The long affair had been kept secret from their colleagues at London's Swinburne Museum and now she must grieve in private. Or almost. In an act of compassion, the head of her department gives Catherine a very particular project, something to cling onto: a box of intricate clockwork parts that appear to be the remains of a nineteenth-century automaton, a beautiful mechanical bird.
Once she discovers that the box also contains the diary of the man who commissioned the machine, one obsession merges into another. Who was Henry Brandling? Who was the mysterious, visionary clockmaker he hired to make a gift for his ailing son?
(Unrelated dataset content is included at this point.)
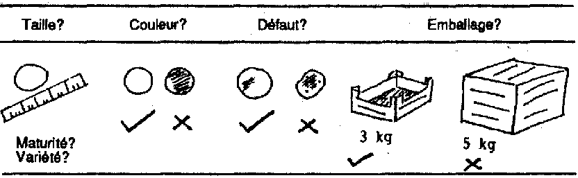 A l'opposé, on peut citer l'exemple d'un marchand de tomates dans un marché hebdomadaire de village en Egypte. I1 achète 20 caisses de 18 kg de tomates non classées au marché de gros d'Ismailia. Ensuite, il les classe luimême selon la qualité mais non la maturité. Les ménagères choisissent elles-mêmes ce dont elles ont besoin: les unes préfèrent des tomates très mûres à cuire, d'autres des tomates plus fermes pour faire la salade, d'autres un peu moins mûres pour les conserver quelques jours. Il est évident que le marchand n'aurait aucun intérêt à payer plus cher des tomates classées. Il est préférable pour lui de faire lui-même un classement sommaire. Même si les tomates étaient classées, il devrait les trier de nouveau pour éliminer celles qui se sont abîmées pendant le transport. De toute façon, ses clientes préfèrent pouvoir choisir des tomates plus ou moins mûres.

And what was the end result that now sits in pieces in Catherine's her studio?
The Chemistry of Tears is a portrait of love and loss that is both wildly entertaining and profoundly moving, simultaneously delicate and anarchic.
At its heart is an image only the masterful Peter Carey could breathe such life into - an object made of equal parts magic, love, madness and science, a delight that contains the seeds of our age's downfall.
About The Author
Peter Carey was born in 1943 in Australia and lives in New York. He is the author of the highly acclaimed short story collection, The Fat Man in History, seven novels, Bliss, Illywhacker (shortlisted for the 1985 Booker Prize), Oscar and Lucinda (winner of the 1988 Booker Prize), The Tax Inspector, The Unusual Life of Tristan Smith, Jack Maggs (winner of the 1998 Commonwealth Writers Prize) and True History of the Kelly Gang (winner of the 2001 Booker Prize), and for children, The Big Bazoohley.
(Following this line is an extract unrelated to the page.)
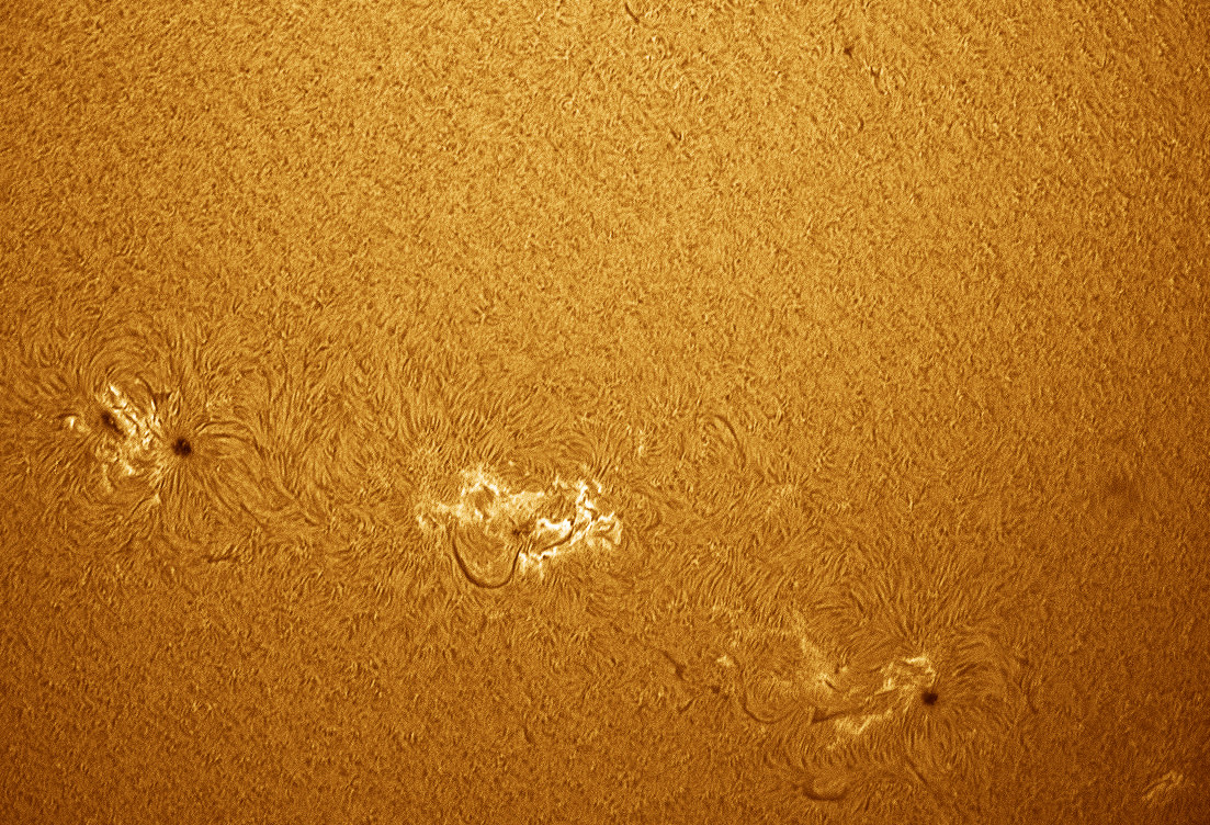 The summer Sun (for us in the northern hemisphere) is getting active! Here are images and videos of recent activity, which include sunspots and an M-class flare. Above is a close-up look at four active regions taken by César Cantú from the Chilidog Observatory in Monterrey, Mexico.

Reviewed By Toni Whitmont, Booktopia Buzz Editor
To read more reviews by Toni Whitmont, click here to visit the Booktopia Newsletter Archive.
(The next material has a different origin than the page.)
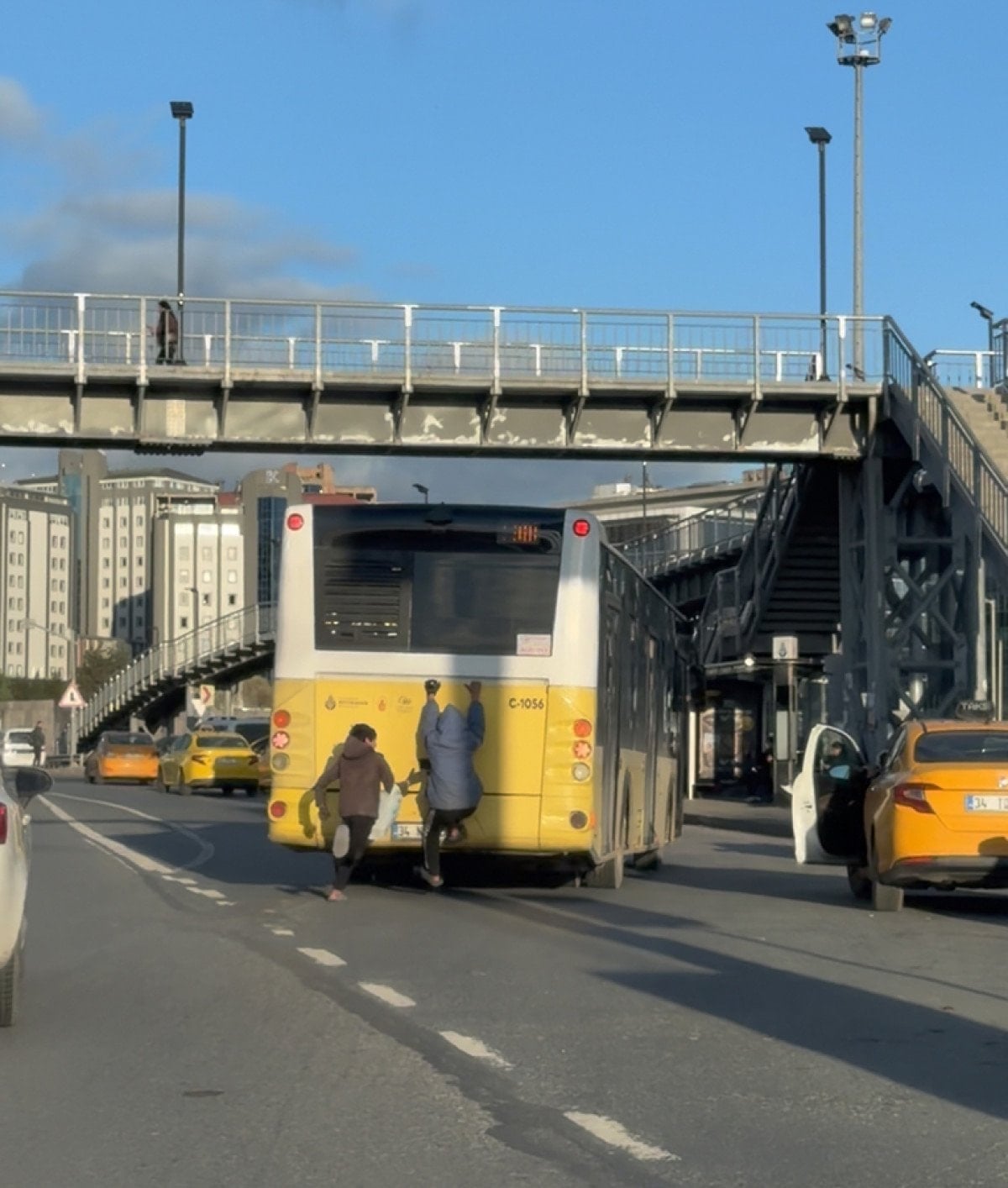 İstanbul Beykoz’da otobüsün arkasında tehlikeli yolculuk

A new novel from Peter Carey is always cause for celebration and so it is with great excitement that I embarked on the reading of The Chemistry of Tears.
From the very first pages, it is clear that we are in the hands of a writer of great polish and poise, someone who can handle the eccentricities and meanderings of the human heart with delicacy and insight. His descriptions of the grief of Catherine Gehrig, having just discovered the death of her secret lover of thirteen years, are searing. Here, reassuringly, is an author who can write, an author whose promise shown in the late 70s with his short story collections ( The Fat Man in History and War Crimes) has fully matured into writing worthy of two Man Booker prizes, three Miles Franklins, two Commonwealth Writers prizes, plus a host of others, all for good reason!
Once again, Carey employs the device of the dual narrative, something he explored successfully in Parrot and Olivier in America, His Illegal Self and Theft: A Love Story.
This time he gives us the current day Catherine, an horological restorer working at London's Swinburne Museum who is isolating herself in her work in an attempt to forget her loss. Catherine is supposedly restoring a reproduction of Vaucanson's famous mechanical duck, an automaton from the mid eighteenth century which could flap its wings, eat and digest grain. At the same time, she plunges into the world of Henry Brandling, whose journals she uncovers, written in the 1850s.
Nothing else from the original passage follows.